(Stored dataset items)
....

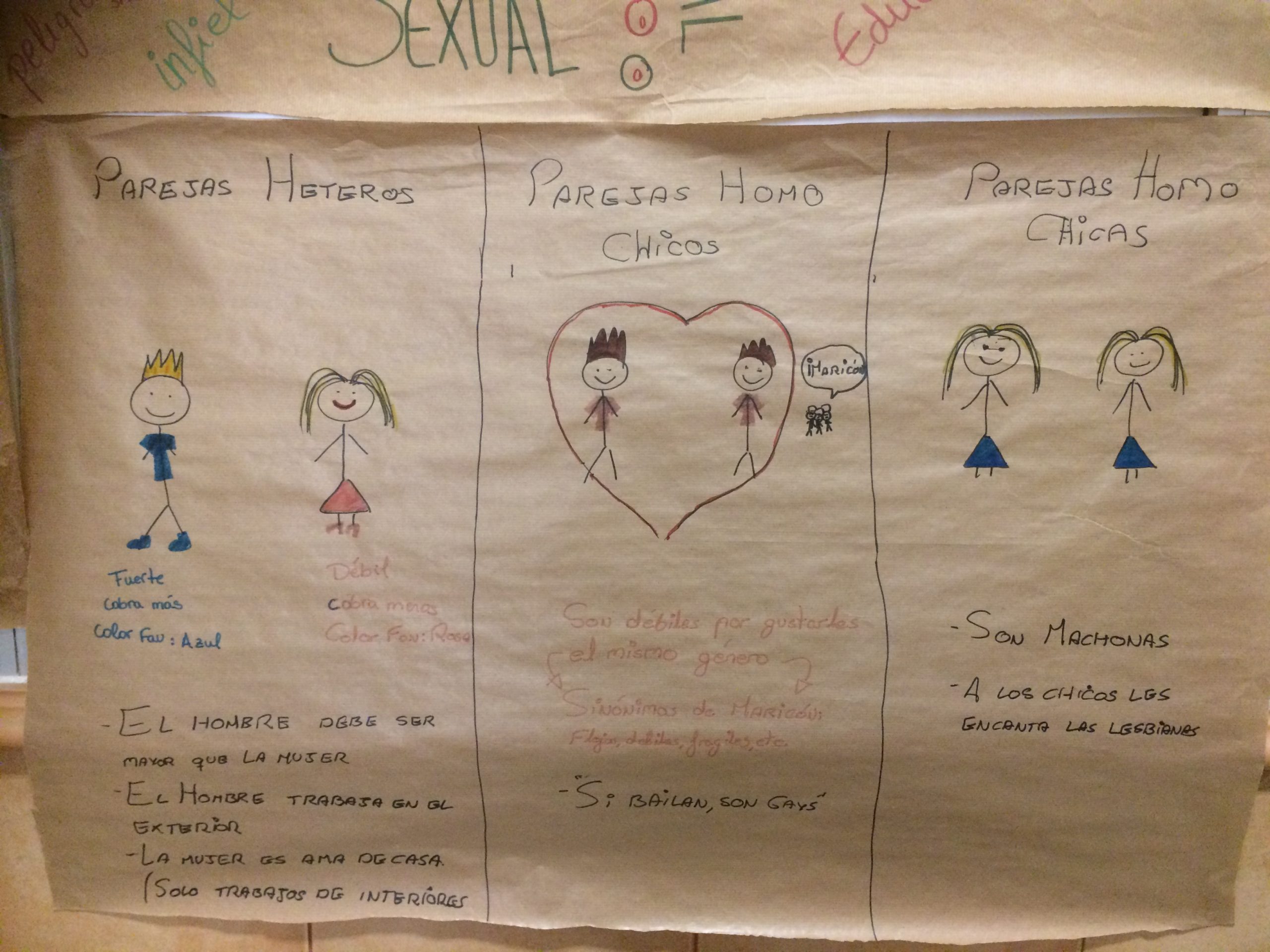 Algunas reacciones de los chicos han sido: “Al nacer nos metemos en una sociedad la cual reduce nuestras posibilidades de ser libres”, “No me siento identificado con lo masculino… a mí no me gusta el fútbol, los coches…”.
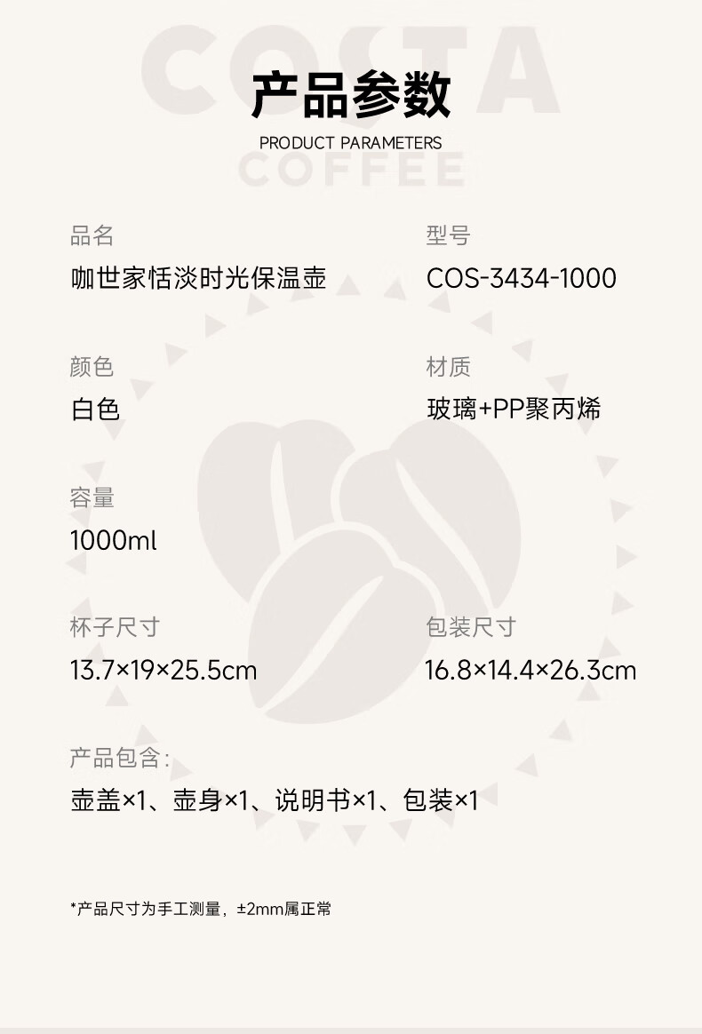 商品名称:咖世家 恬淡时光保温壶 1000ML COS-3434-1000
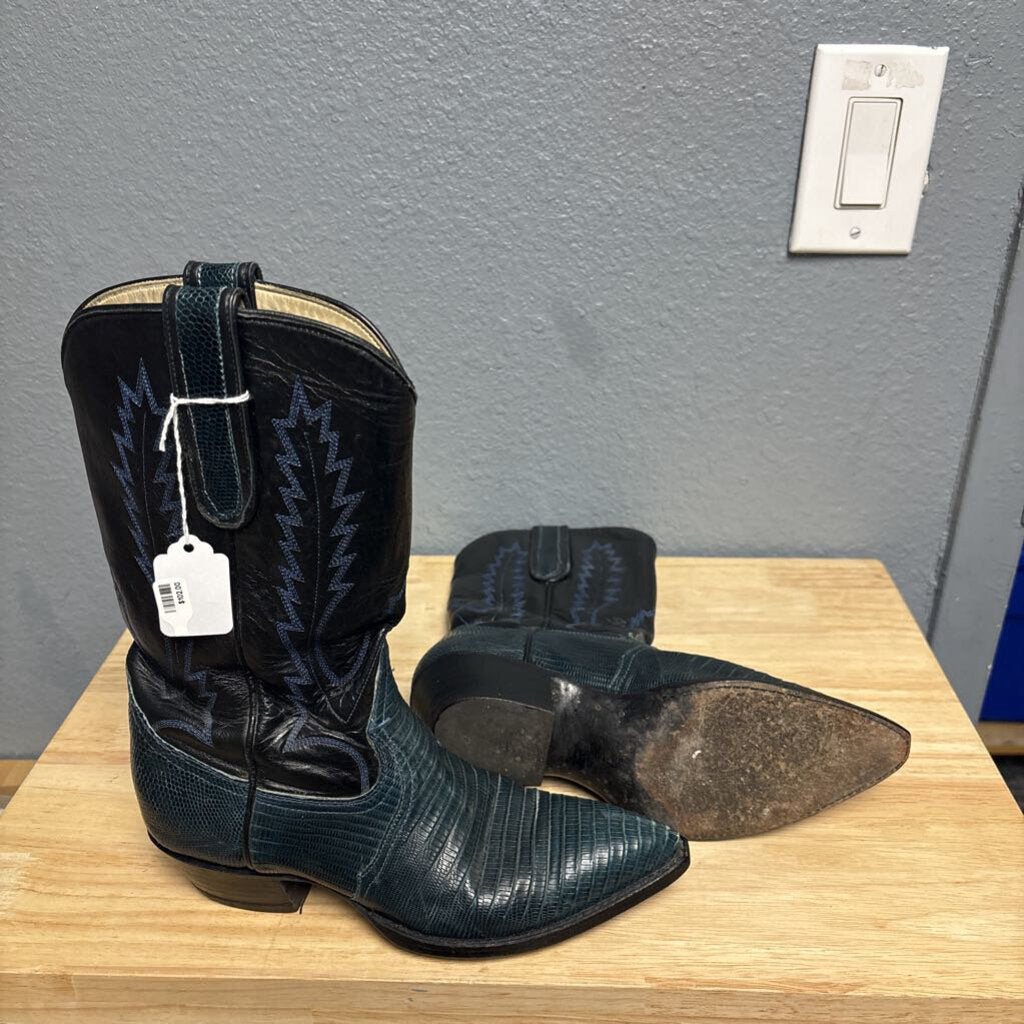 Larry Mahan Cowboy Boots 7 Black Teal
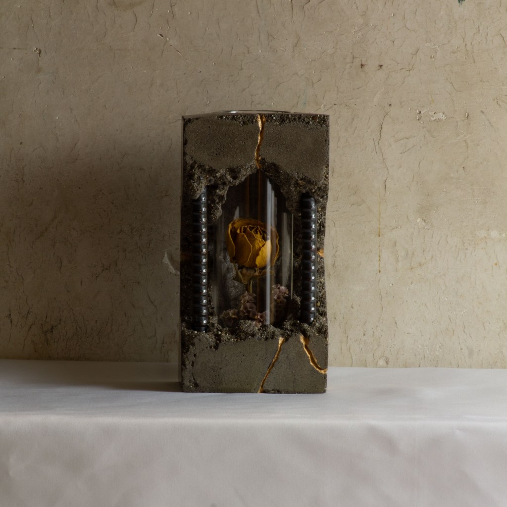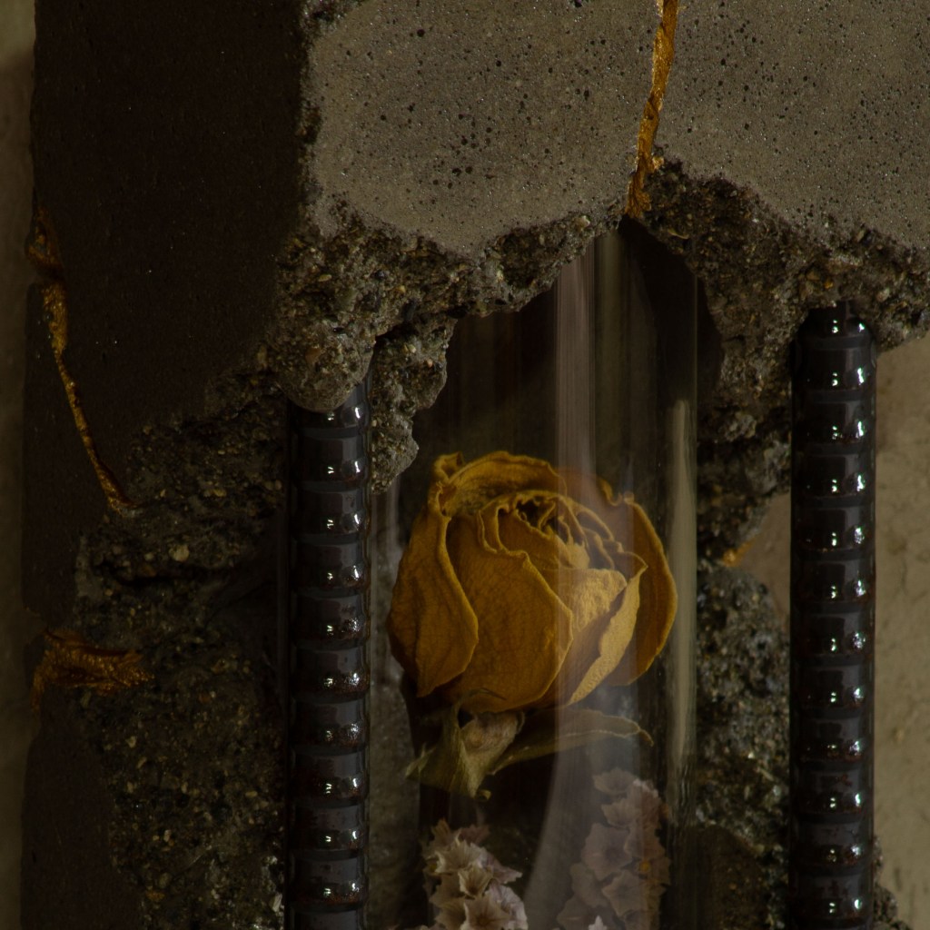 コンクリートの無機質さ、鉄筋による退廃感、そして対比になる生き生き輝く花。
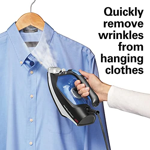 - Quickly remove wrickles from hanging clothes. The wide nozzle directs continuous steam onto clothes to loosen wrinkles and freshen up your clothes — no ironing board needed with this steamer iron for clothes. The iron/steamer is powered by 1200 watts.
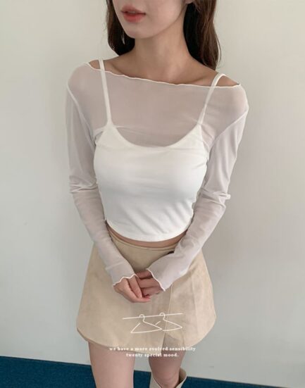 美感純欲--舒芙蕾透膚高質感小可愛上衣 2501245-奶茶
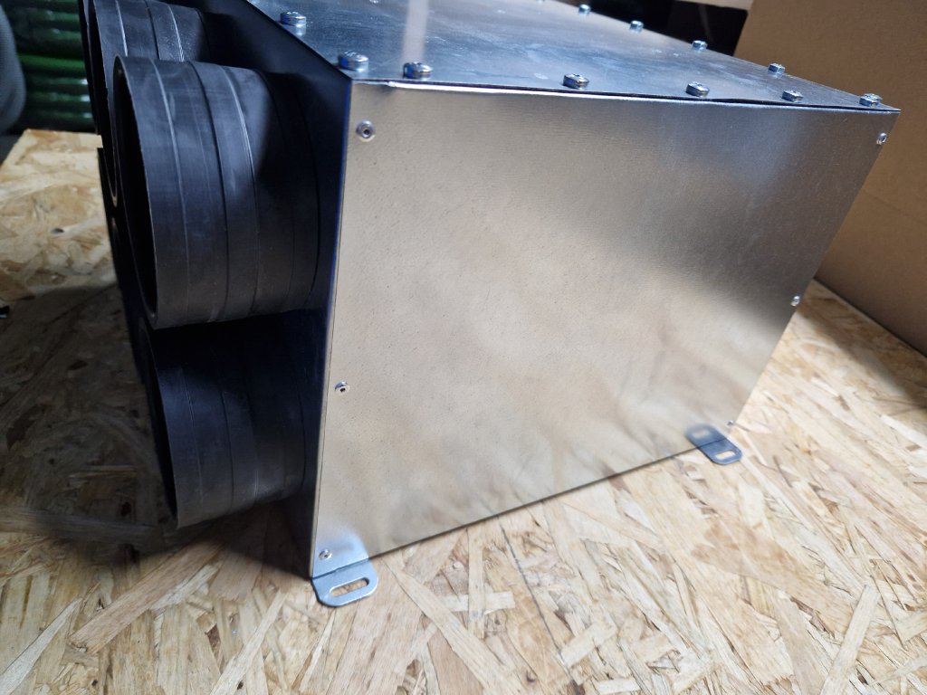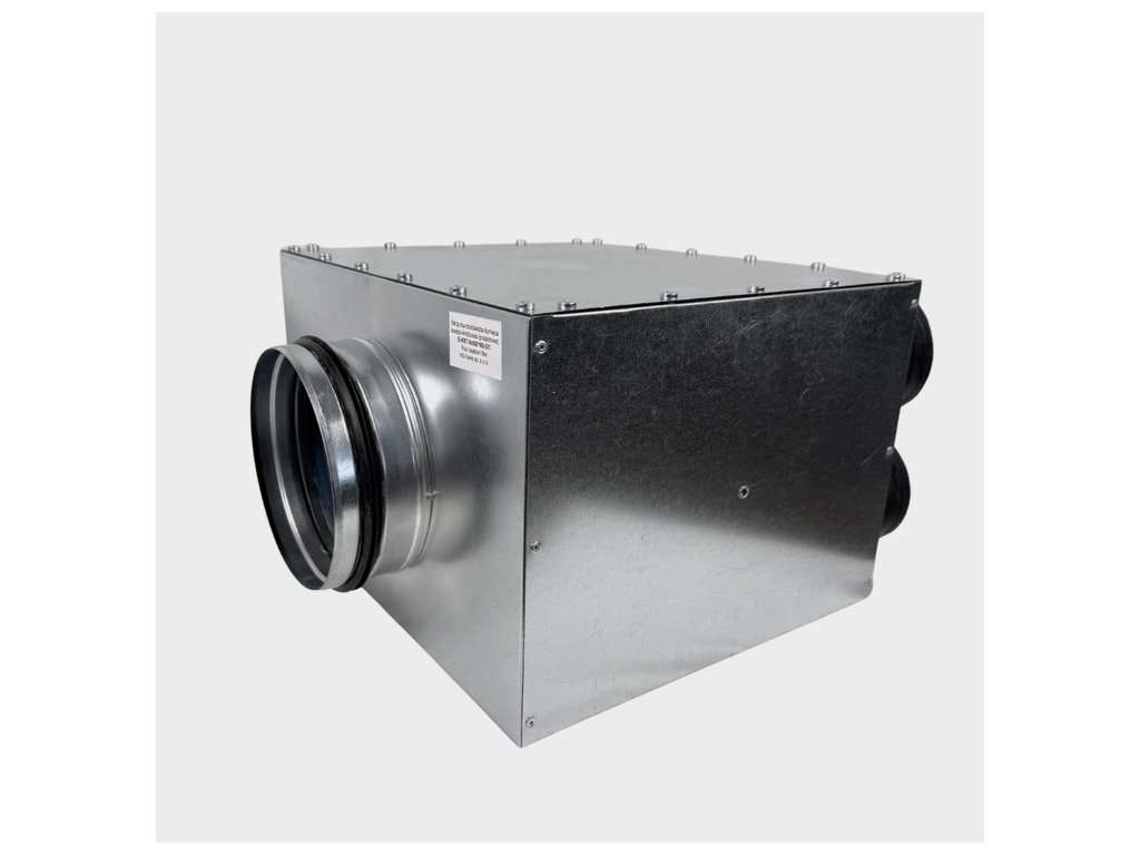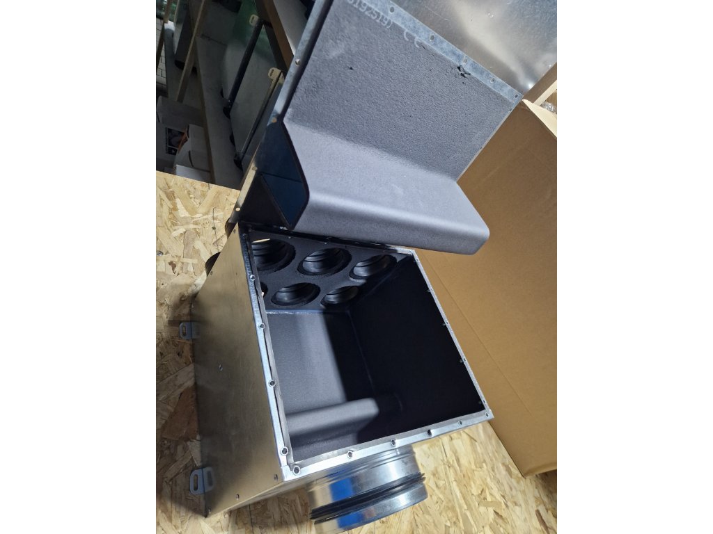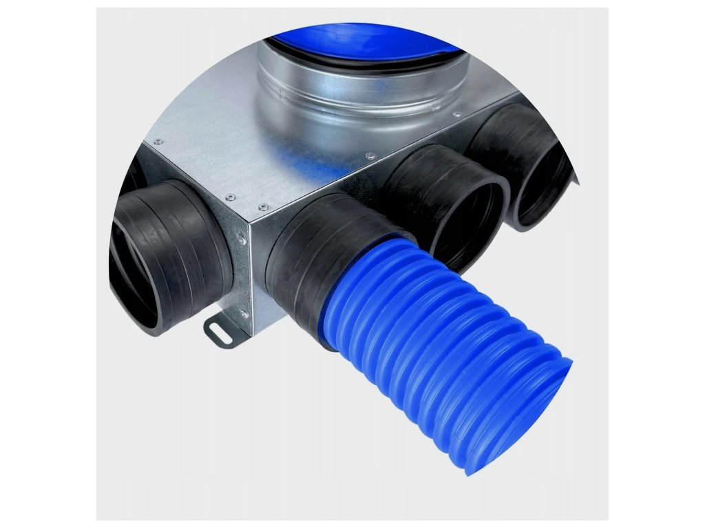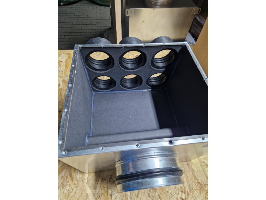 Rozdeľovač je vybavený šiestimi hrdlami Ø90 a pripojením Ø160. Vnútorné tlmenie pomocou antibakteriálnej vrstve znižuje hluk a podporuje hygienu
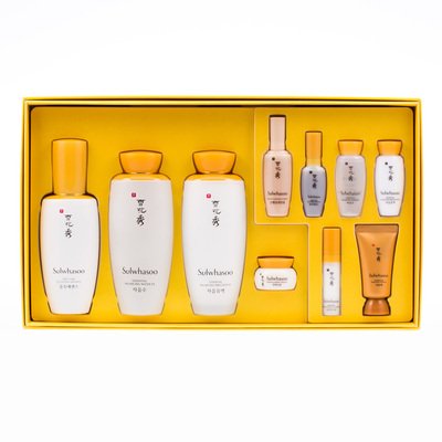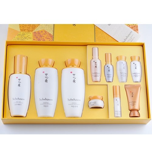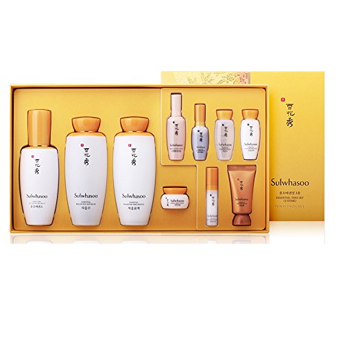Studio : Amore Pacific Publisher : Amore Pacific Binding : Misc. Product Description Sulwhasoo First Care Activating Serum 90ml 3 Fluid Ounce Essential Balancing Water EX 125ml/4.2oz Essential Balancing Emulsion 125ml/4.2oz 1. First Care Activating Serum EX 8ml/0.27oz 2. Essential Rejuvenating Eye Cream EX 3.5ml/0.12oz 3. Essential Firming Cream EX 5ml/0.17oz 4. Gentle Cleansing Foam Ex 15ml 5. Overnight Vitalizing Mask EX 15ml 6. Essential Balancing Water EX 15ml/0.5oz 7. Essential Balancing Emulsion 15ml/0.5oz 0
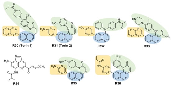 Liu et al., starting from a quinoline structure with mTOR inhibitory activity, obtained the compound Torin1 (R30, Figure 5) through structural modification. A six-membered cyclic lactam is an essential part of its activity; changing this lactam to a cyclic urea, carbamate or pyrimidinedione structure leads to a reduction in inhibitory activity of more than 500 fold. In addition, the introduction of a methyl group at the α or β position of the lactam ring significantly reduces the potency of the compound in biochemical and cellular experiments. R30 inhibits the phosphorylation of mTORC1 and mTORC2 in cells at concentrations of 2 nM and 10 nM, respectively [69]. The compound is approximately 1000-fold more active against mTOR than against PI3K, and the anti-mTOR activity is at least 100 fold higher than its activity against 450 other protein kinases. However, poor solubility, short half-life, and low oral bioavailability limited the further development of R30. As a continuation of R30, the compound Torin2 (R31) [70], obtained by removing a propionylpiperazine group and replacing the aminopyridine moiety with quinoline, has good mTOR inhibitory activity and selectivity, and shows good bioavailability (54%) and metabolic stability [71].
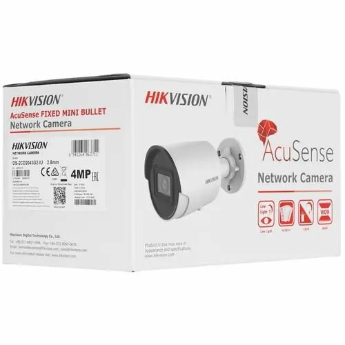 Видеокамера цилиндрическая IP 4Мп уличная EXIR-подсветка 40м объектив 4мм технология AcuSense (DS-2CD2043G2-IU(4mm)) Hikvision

....

What you are asked to do — Nothing but the lines from the first line of the records above to the line with "コンクリートの無機質さ、鉄筋による退廃感、そして対比になる生き生き輝く花。", inclusive, should be transcribed exactly, and the pictures must be left out.

Output —
 Algunas reacciones de los chicos han sido: “Al nacer nos metemos en una sociedad la cual reduce nuestras posibilidades de ser libres”, “No me siento identificado con lo masculino… a mí no me gusta el fútbol, los coches…”.
 商品名称:咖世家 恬淡时光保温壶 1000ML COS-3434-1000
 Larry Mahan Cowboy Boots 7 Black Teal
 コンクリートの無機質さ、鉄筋による退廃感、そして対比になる生き生き輝く花。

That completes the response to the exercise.